Recorded data:
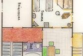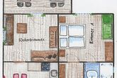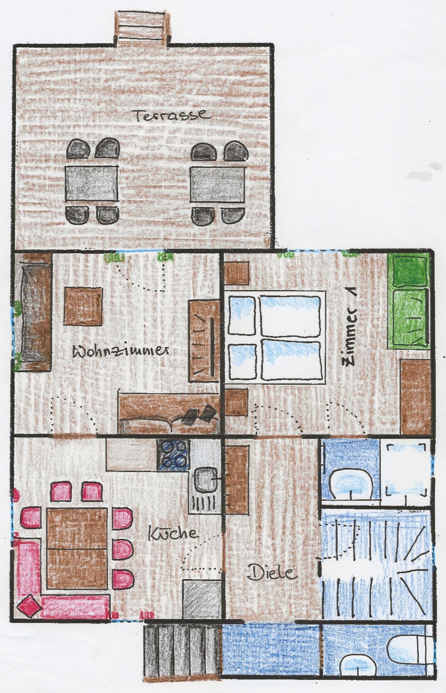 Erdgeschoss: Küche, Wohnzimmer mit TV, Diele, Schlafzimmer mit Doppelbett und Einzelbett, Dusche, WC, Terrasse (Süden) und Garten
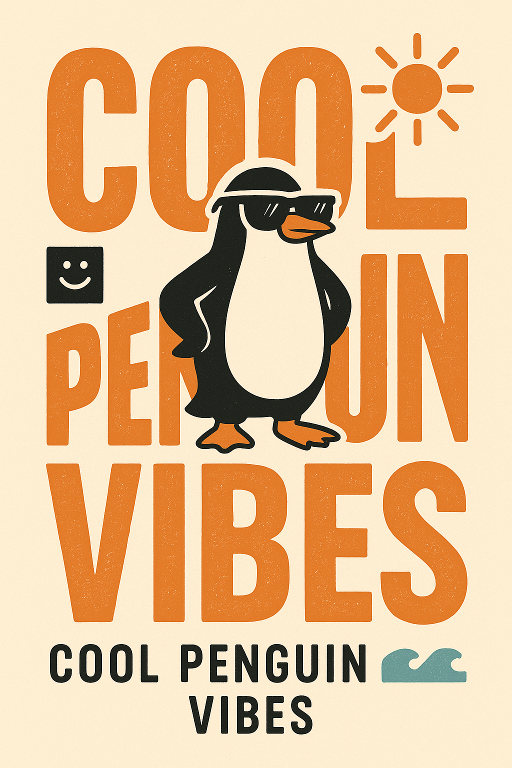 A vibrant graphic featuring a cartoon penguin wearing sunglasses, accompanied by bold typography. Ideal for social media or merchandise aimed at a youthful audience.
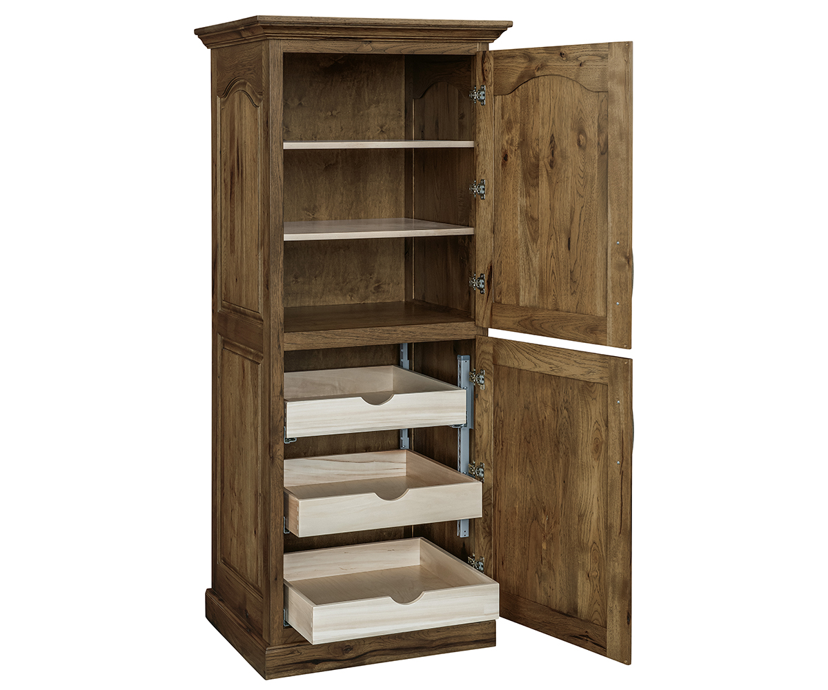 • Pullout shelves behind the bottom door
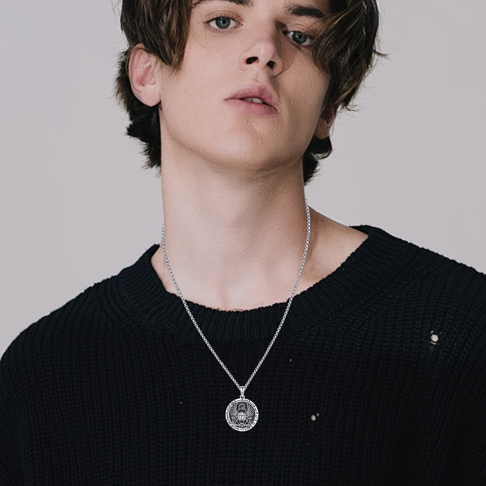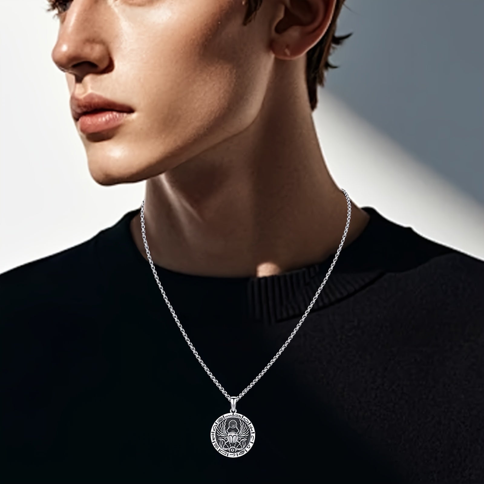 Vintage oxidised silvery pendant with stainless steel chain, featuring the Eye of Horus design. Ideal for those who appreciate Egyptian symbolism.
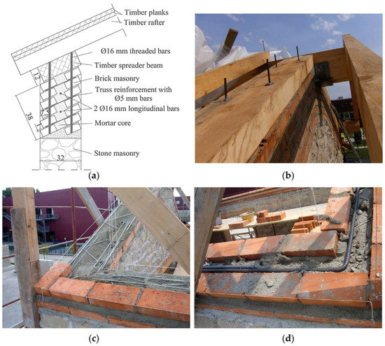 - Borri, A.; Castori, G.; Grazini, A. Retrofitting of masonry building with reinforced masonry ring-beam. Constr. Build. Mater. 2009, 23, 1892–1901. [Google Scholar] [CrossRef]

Your instructions: Leaving the pictures out, reproduce the entries above exactly.

Your response:
 Erdgeschoss: Küche, Wohnzimmer mit TV, Diele, Schlafzimmer mit Doppelbett und Einzelbett, Dusche, WC, Terrasse (Süden) und Garten
 A vibrant graphic featuring a cartoon penguin wearing sunglasses, accompanied by bold typography. Ideal for social media or merchandise aimed at a youthful audience.
 • Pullout shelves behind the bottom door
 Vintage oxidised silvery pendant with stainless steel chain, featuring the Eye of Horus design. Ideal for those who appreciate Egyptian symbolism.
 - Borri, A.; Castori, G.; Grazini, A. Retrofitting of masonry building with reinforced masonry ring-beam. Constr. Build. Mater. 2009, 23, 1892–1901. [Google Scholar] [CrossRef]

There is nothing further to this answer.